FAQ: What Are the New Provisions of the Farm Bill?

Deck: The 2008 Farm Bill has a lot of changes, which we summarize.

Farmers are asking questions about the new 2008 Farm Bill, as USDA releases farm program rules and details this winter. We are providing answers at our new “Frequently Asked Questions” section on our Website www.WallacesFarmer.com. We’ll also print some of the questions and answers in each issue Wallaces Farmer this winter and spring.

Iowa State University Extension farm management specialists have provided the following answers to Question #1 based on information from USDA as of November 17.

If you have a question you’d like answered regarding the new USDA farm program, please send it to [email protected]. We will pass it on to the ISU Extension specialists or to the program specialists at USDA’s Farm Service Agency office in Des Moines and they will send you the answer.

For more information and analysis of the new Farm Bill, see ISU’s Ag Decision Maker site www.extension.iastate.edu/agdm.

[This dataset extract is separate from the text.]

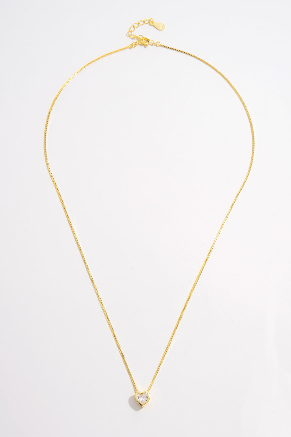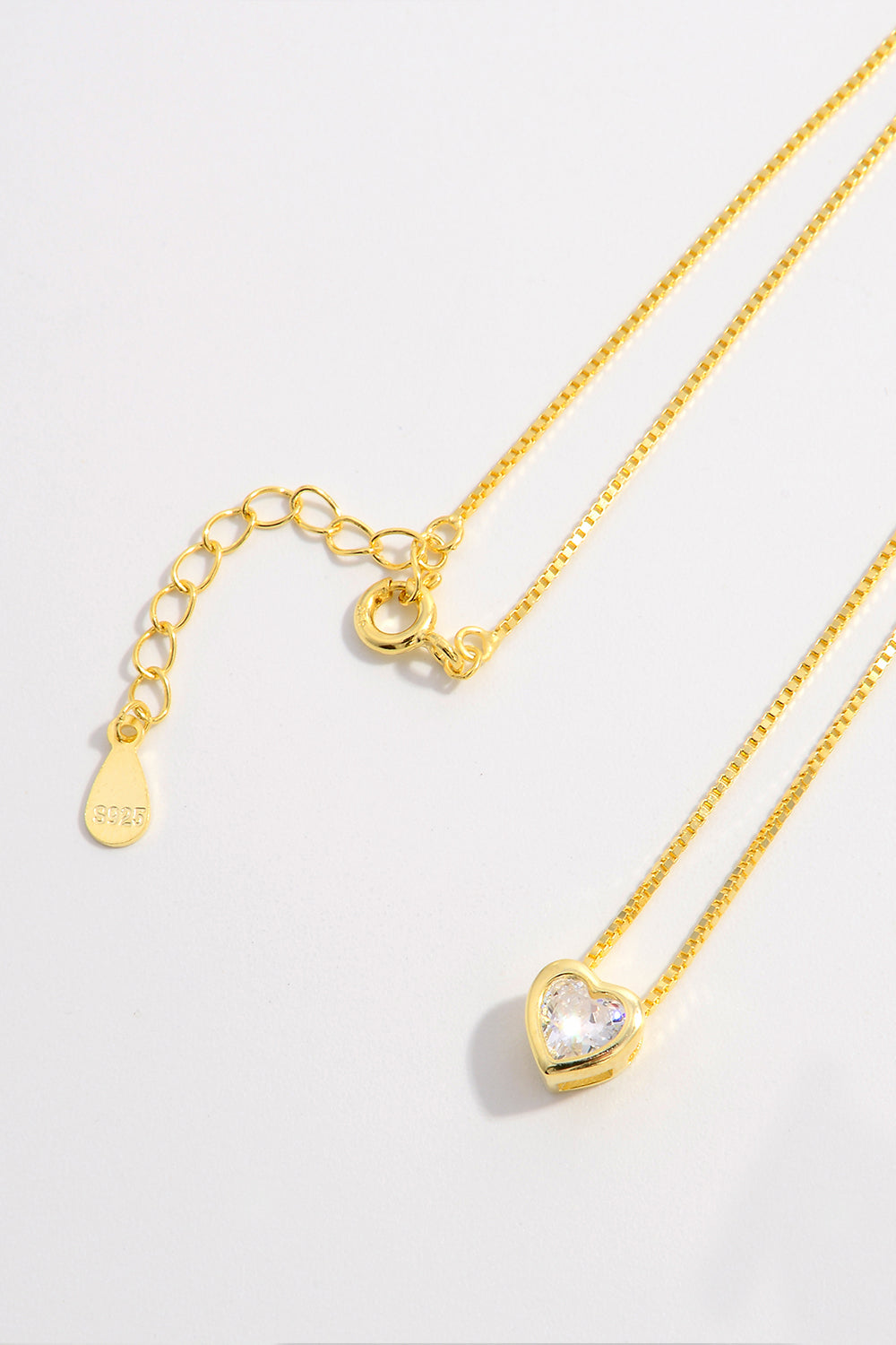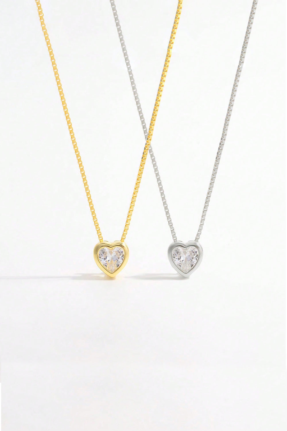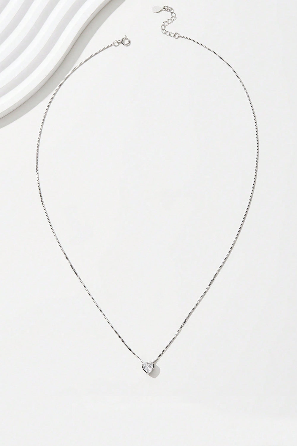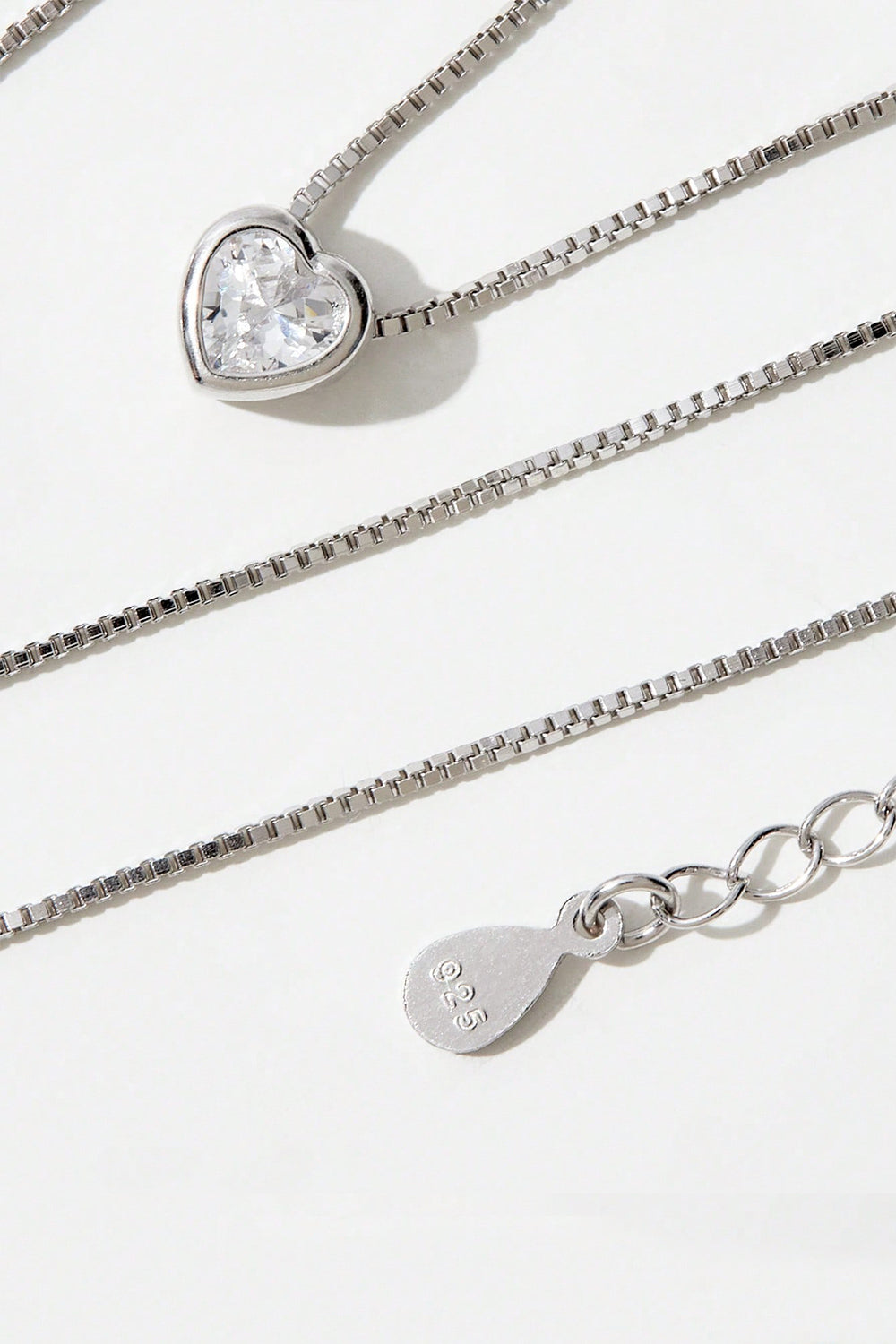 925 Sterling Silver Inlaid Zircon Heart Pendant Necklace

For clarification on farm program details contact your local FSA office.

Q) On November 7 USDA announced several amendments to provisions in the 2008 Farm Bill. Please explain them.
A) The changes are a result of President Bush signing a bill October 13 making amendments to the 2008 Farm Bill. These changes involve three provisions:

1) The 10-acre base limit for 2008. Owners and operators of farms with 10 or fewer base acres now have the opportunity to receive payments for the 2008 Direct and Counter-cyclical Payment Program.

As originally enacted under the 2008 Farm Bill, direct and countercyclical payments or DCP could not be made with respect to farms with crop acreage bases of 10 acres or less. The new law signed on October 13 makes that provision not applicable to the 2008 crop year.

Thus, farmers on a farm with 10 acres or less of base could under the new law, enroll their farms until Nov. 26, 2008, in the 2008 DCP program. This extension of the original September 30 deadline only applied to farmers who were previously excluded because of the minimum acreage requirement. USDA began issuing payments to farmers on farms with 10 base acres or less who had already enrolled in the DCP program soon after the President signed the new law.

2) Supplemental Revenue Assistance Program (SURE). Under SURE in the 2008 Farm Bill, farmers seeking disaster benefits must generally have obtained crop insurance or coverage under the Non-insured crop disaster Assistance Program (NAP) for all crops on all farms.

Under the new law, farmers with crops that had 2009 crop insurance sales closing dates before Aug. 14, 2008 may pay a fee through Jan. 12, 2009 to participate in SURE. Farmers may make their SURE participation fee payments to their local FSA office at this time.

The SURE program fee is equal to the fee for catastrophic coverage. Payment of the SURE program fee will not make the farmer eligible for insurance coverage.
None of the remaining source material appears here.